Nothing much blooms in winter, but pimples may be an exception.
A 2015 study of New England acne patients found the percentage of them who enjoyed a clear complexion was greatest during summer and fall. Winter, on the other hand, tended to be a rough season; rates of moderate-to-severe acne leaped 11% among the study participants in winter compared to summer.
One reason your skin tends to act up in cold weather may have to do with sebum, a type of oil that the small glands of the skin secrete. Sebum helps keep your skin properly moist and supple, but too much can cause the cells in your skin to stick together. This can lead to clogged pores and breakouts, according to the American Academy of Dermatology.
Your face’s “T-zone”—basically, your forehead, nose and chin—contains more of these sebum-producing glands than almost any other part of your body, which is why this area is prone to pimples. The dryer the conditions, the more sebum your skin will produce, and the more likely you are to suffer clogged pores and breakouts. Winter tends to be the driest time of the year, and so even people who typically have a clear complexion may notice a few more blemishes than usual.
For people with acne, inflammation is also a concern. “The cold and dryness that comes with cold temperatures can cause inflammation, which is one of the main pathogenic factors for acne formation,” says Dr. Arielle Nagler, an assistant professor of dermatology at New York University’s Langone Health. She’s quick to add that this isn’t true for everyone; some struggle more in sweaty summer conditions than in dry winter ones. But cold, dry air exposure is one of many triggers that can harm the skin’s barrier and promote inflammation—already a problem for acne patients—and therefore induce a breakout.
Winter conditions may present some additional challenges. There’s some evidence that ultraviolet light exposure has an effect on the body’s production of different types of immune cells, as well as on the populations of bacteria that live on the skin’s surface. In winter, when UV light exposure tends to be low, the resulting bacterial and immune system shifts may make acne breakouts more common.
The shock of cold weather can also promote acne, says Dr. Adam Friedman, a professor of dermatology at the George Washington University School of Medicine and Health Sciences.
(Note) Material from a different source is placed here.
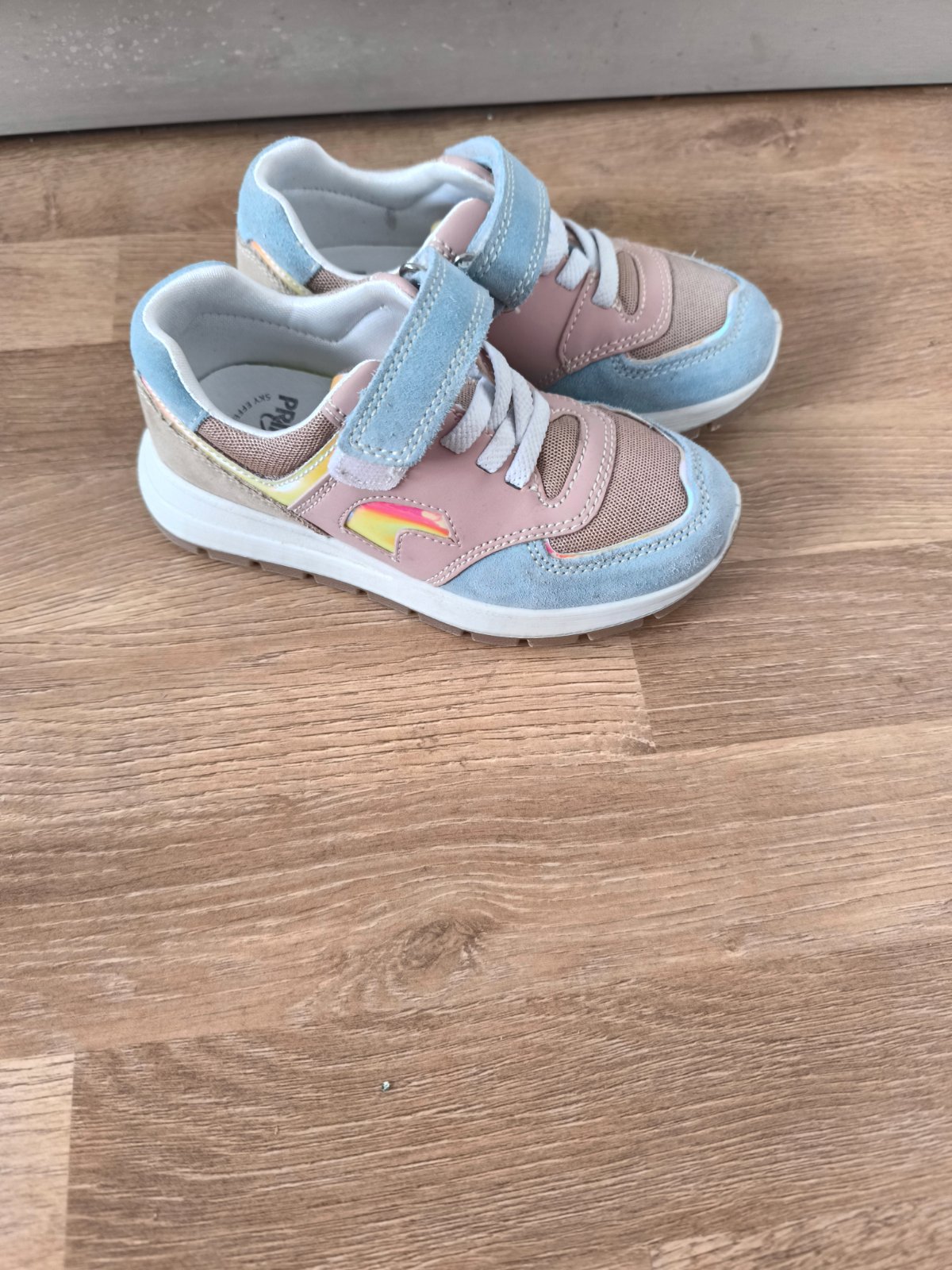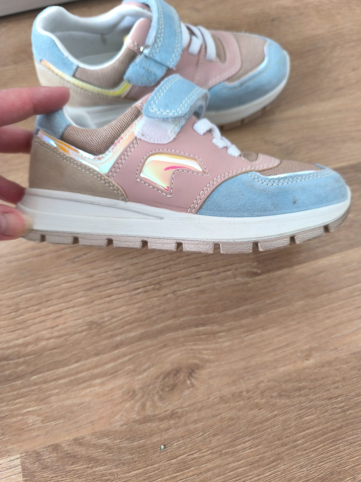 Krásne tenisky. Vnútro celokozene, vrch kombinácia koža a textil. Lepky držia výborne. Dobrý stav, na lesklých častiach vidno suchnutia. Vnútorná vložka 18 CM.

Cold exposure is a form of physical stress. “For anyone with a chronic inflammatory disease of the skin”—that includes acne, eczema, rosacea and others—“stress will increase that inflammation,” Friedman says. Especially at the start of the winter season when your body isn’t accustomed to chilly temps, the threat of a breakout may be greatest, he says. (Just in time for the holidays!)
What can you do about winter skin woes, apart from catching a plane to the Caribbean?
Oil-free skin moisturizers can help, Friedman says. Apply them to damp skin—for example, right after you get out of the shower—and they can lock in moisture and prevent your skin from overreacting to the stresses of dry winter weather. He also recommends covering your face with a scarf or some other form of protection when you’re outdoors. Cold and windy conditions can draw moisture out of your skin and also promote inflammation.
Nagler recommends using a mild skin cleanser and avoiding all exfoliating scrubs. Exfoliators can worsen the dryness caused by winter conditions.
Also, if you’re taking any medications for your acne, don’t stop, Friedman says. Switching up your skin care routines can make things worse. He also cautions against over-washing. It may be tempting to clean your skin more frequently to try to prevent breakouts, but this will only exacerbate the drying effects of winter, he says.
One final consideration: the holiday season can be stressful. Worrying and other forms of emotional stress can also trigger a breakout. Making time for activities that mellow you out—stuff like exercise, yoga and meditation—may ease your anxiety and help you avoid stress pimples.